[Collection entries]
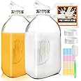 Product Summary: 2 Pack 64 Oz Glass Milk Bottles with Nut Milk Bag & Airtight Lids | Includes 2 Pour Spouts | with Cleaning Brush | 1/2 Gallon Heavy Duty | 1.9L Reusable Container | for Refrigerator Storage
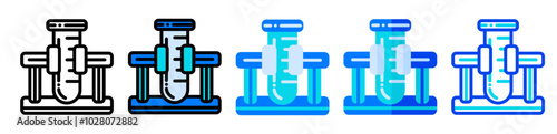 Chemistry beaker icon set, test tube illustration in line, filled, flat style, suitable as a symbol for chemicals, research, experiment, lab, flask, and laboratory.
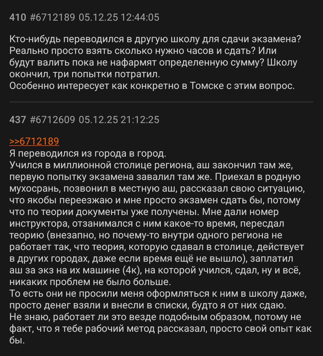 >>6760251 Через пару дней распишу подробно с супом прав, я сдал недавно сам в ДС через госуслуги от онлайн автошколы которую гайцы не любят + было возможно усложнение (т.н. метка в деле), за пьяное вождение без прав лет 5 назад. Заняло получение прав после окончания автошколы чуть больше года, 6 попыток (один завал смог оспорить и отменить). Если кратко - можно, но сложно. Нужна как минимум своя тачка в собственности для нелегальной езды по экзаменационным улицам для насмотренности разных нестандартных ситуаций и запоминания каждого куста, и около 25к на 10 уроков вождения с челиками с авито, которые надрочат любимые валочные команды местных инспекторов.
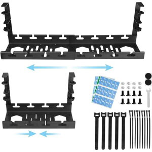 【伸縮可能ケーブルトレー】デスク下ケーブルトレーは55.3cmまで拡張でき、十分なストレージスペースを提供します。24x11cmの電源ボードを2つ同時に置くことができ、ケーブルが整然としており、デスク...
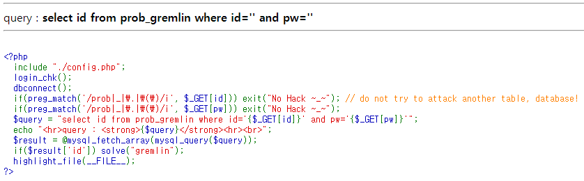 $_GET[id], $_GET[pw]를 통해서 2개의 파라미터를 받지만 '#' 이나 '--'으로 이어지는 구문을 생략할 수 있으므로
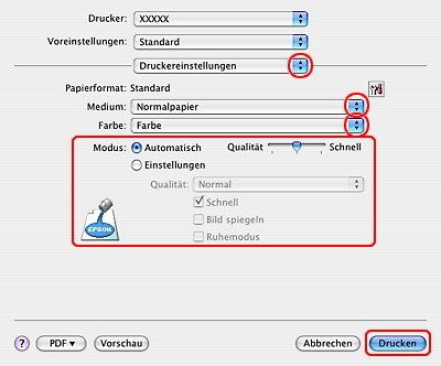 Wählen Sie die entsprechenden Einstellungen für Medium, Farbe und Modus aus. Weitere Informationen zu den Druckereinstellungen finden Sie in der Online-Hilfe.
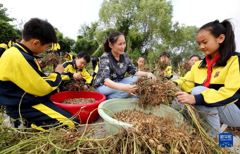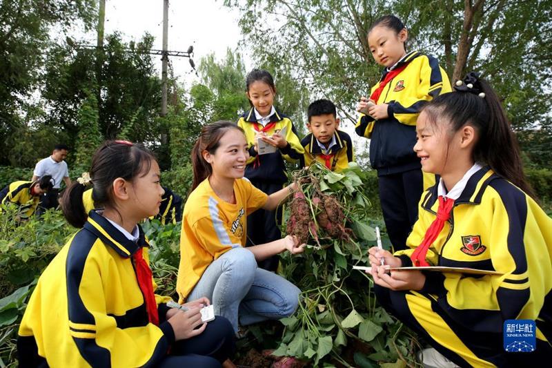 當(dāng)日,山東省棗莊市市中區(qū)中興小學(xué)老師在勞動實踐基地為學(xué)生上“農(nóng)耕課”。學(xué)生們在學(xué)習(xí)農(nóng)耕知識的同時,體驗農(nóng)耕樂趣,感受農(nóng)耕文化的魅力。近年來,中興小學(xué)在校園里開辟勞動實踐基地,把鄉(xiāng)土農(nóng)耕文化、農(nóng)作物種植技能等融入到教學(xué)之中,為綜合實踐課提供“活教材”。新華社發(fā)(孫中喆 攝)
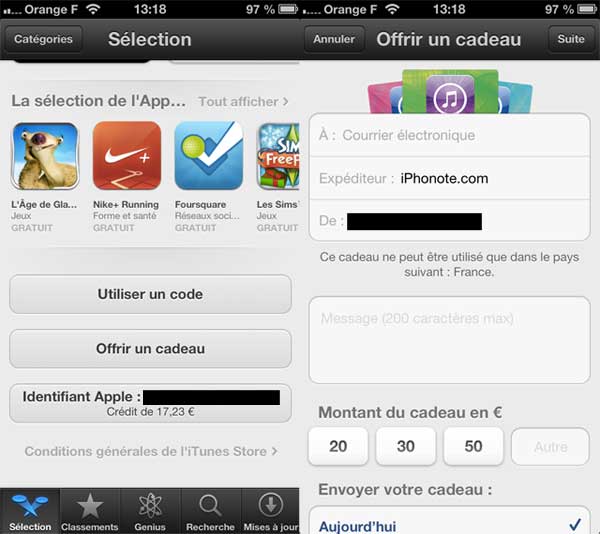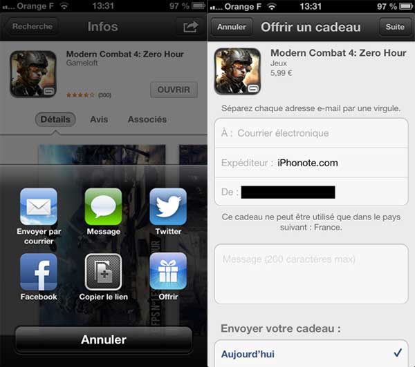 Cette nuit, Apple a réactivé la possibilité d’offrir des applications sous iOS 6 via l’onglet de partage disponible sur l’App Store. L’option avait disparu à la sortie de l’iOS 6, mais à l’approche de Noël, Apple permet à nouveau de faire des cadeaux à nos proches et d’en choisir la date de réception.
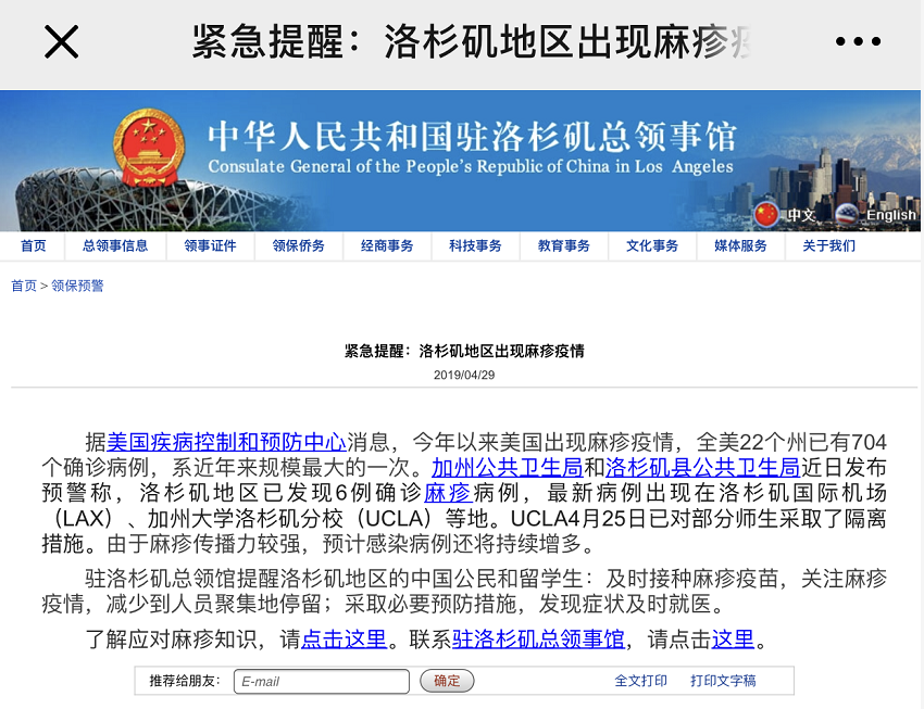由于麻疹传播力较强,预计感染病例还将持续增多。驻洛杉矶总领馆提醒洛杉矶地区的中国公民和留学生:及时接种麻疹疫苗,关注麻疹疫情,减少到人员聚集地停留;采取必要预防措施,发现症状及时就医。
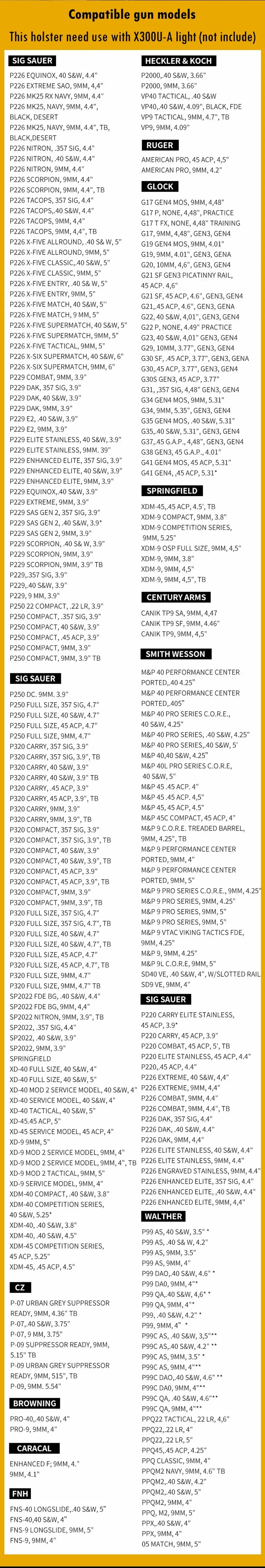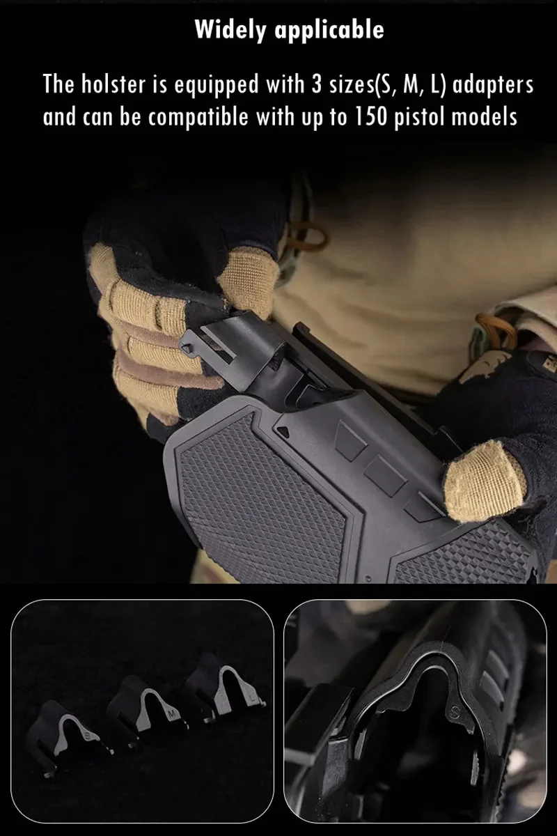 ●La funda está equipada con adaptadores de 3 tamaños (S, M, L) y puede ser compatible con hasta 150 modelos de pistola.
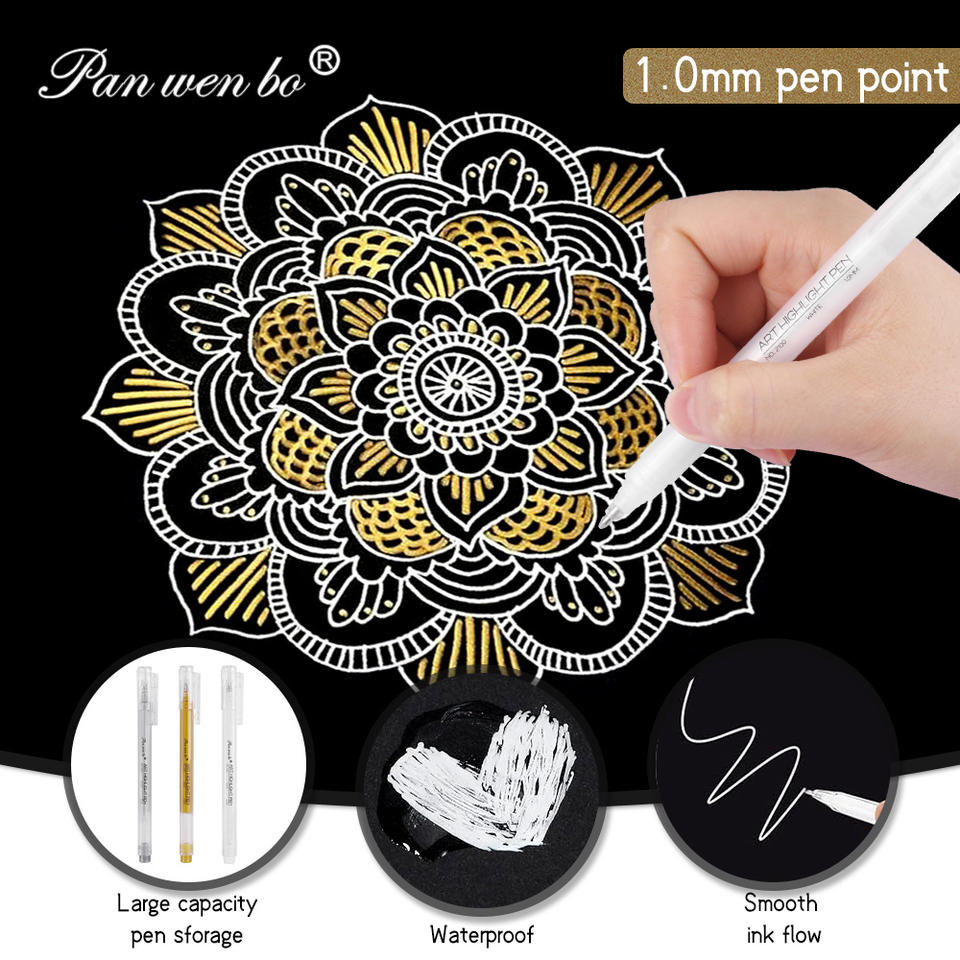 Lot de 12 stylos à encre gel à pointe extra fine 1mm or argent blanc opaque matériel plastique d'archives pour dessin croquis
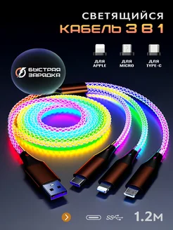 Кабель type-c 3 в 1 быстрая зарядка телефона светодиодный
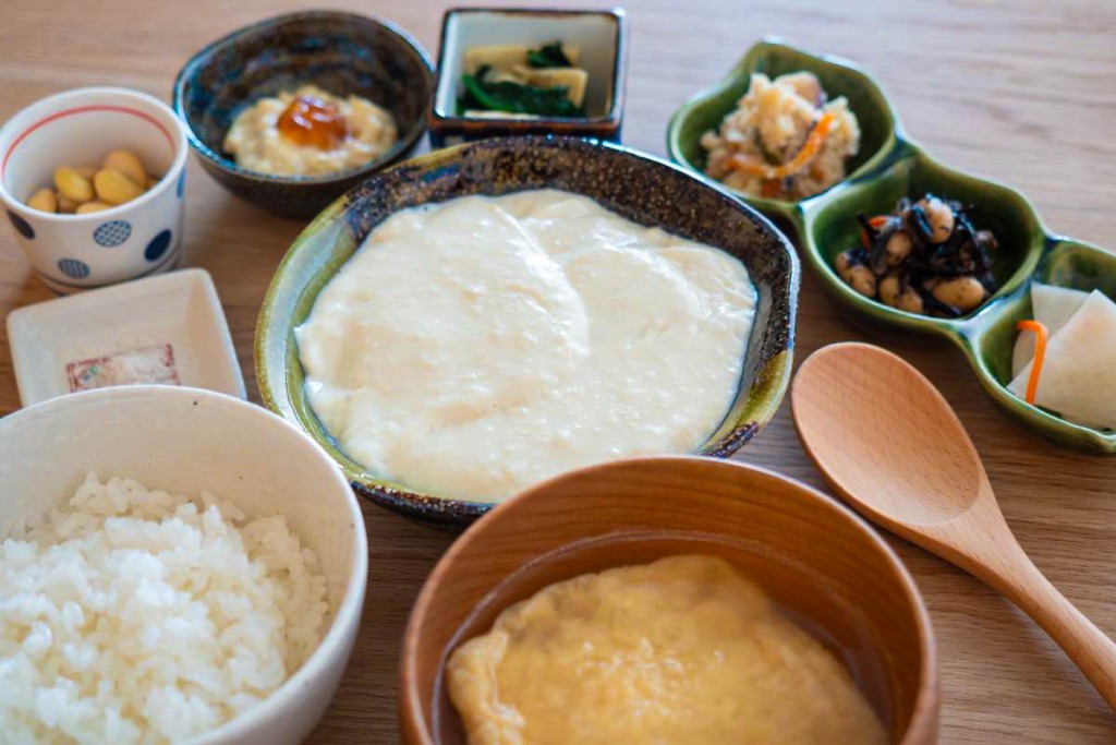 生豆腐定食、納豆汁定食、焼きいなりネギ味噌定食
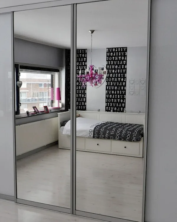 De deuren van de schuifdeurkasten kunnen worden voorzien van spiegelglas. Hierdoor maak je de schuifdeurkast multifunctioneel. Zo bespaar je ook weer ruimte voor een losse spiegel, zodat je hier een kledingrek of kledingpop neer kunt zetten. Een schuifdeurkast met spiegeldeuren wordt op maat gemaakt en kan al vanaf € 900,- bij jou thuis afgeleverd worden. Richt jouw kast volledig naar wens in en ontdek daarnaast het gemak van een spiegel op de schuifdeurkast. Benieuwd naar de kosten voor jouw schuifdeurkast?
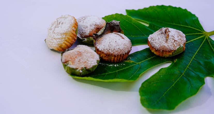 Preparar 14 moldes de magdalena colocando un trozo de hoja de higuera en la base.
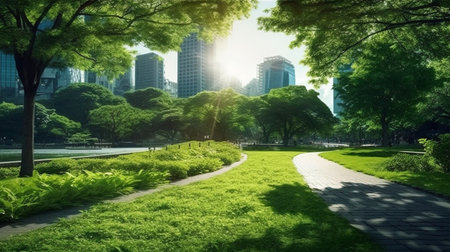 An eye catching illustration of Banner wide picture of green space in urban city. Created using Generative AI tools.
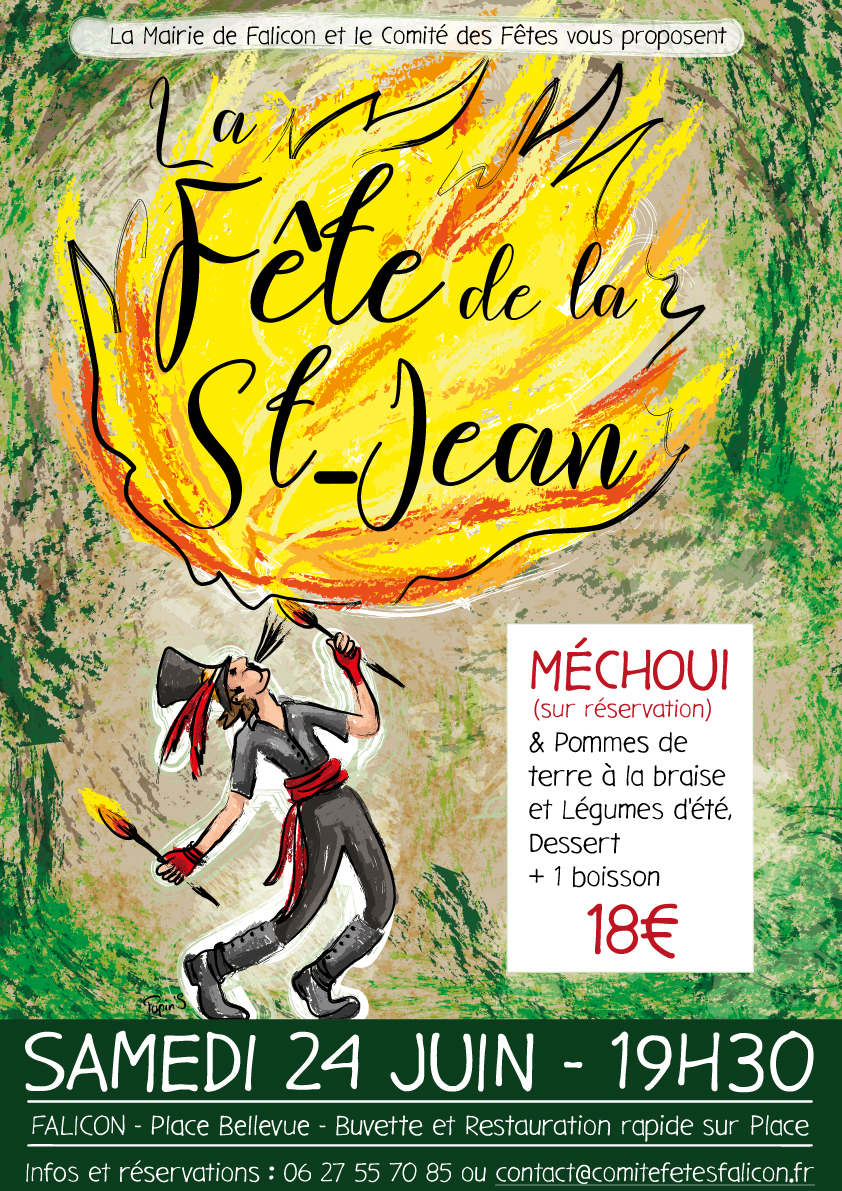 Réservation le site HelloAsso : https://www.helloasso.com/associations/comite-des-fetes-de-falicon/evenements/saint-jean-2024

**WORK INSTRUCTIONS:** Could you please write out exactly the lines from the start of the entries above through the line that holds "Chemistry beaker icon", both included, with no pictures?

**WRITTEN RESPONSE:**
 Product Summary: 2 Pack 64 Oz Glass Milk Bottles with Nut Milk Bag & Airtight Lids | Includes 2 Pour Spouts | with Cleaning Brush | 1/2 Gallon Heavy Duty | 1.9L Reusable Container | for Refrigerator Storage
 Chemistry beaker icon set, test tube illustration in line, filled, flat style, suitable as a symbol for chemicals, research, experiment, lab, flask, and laboratory.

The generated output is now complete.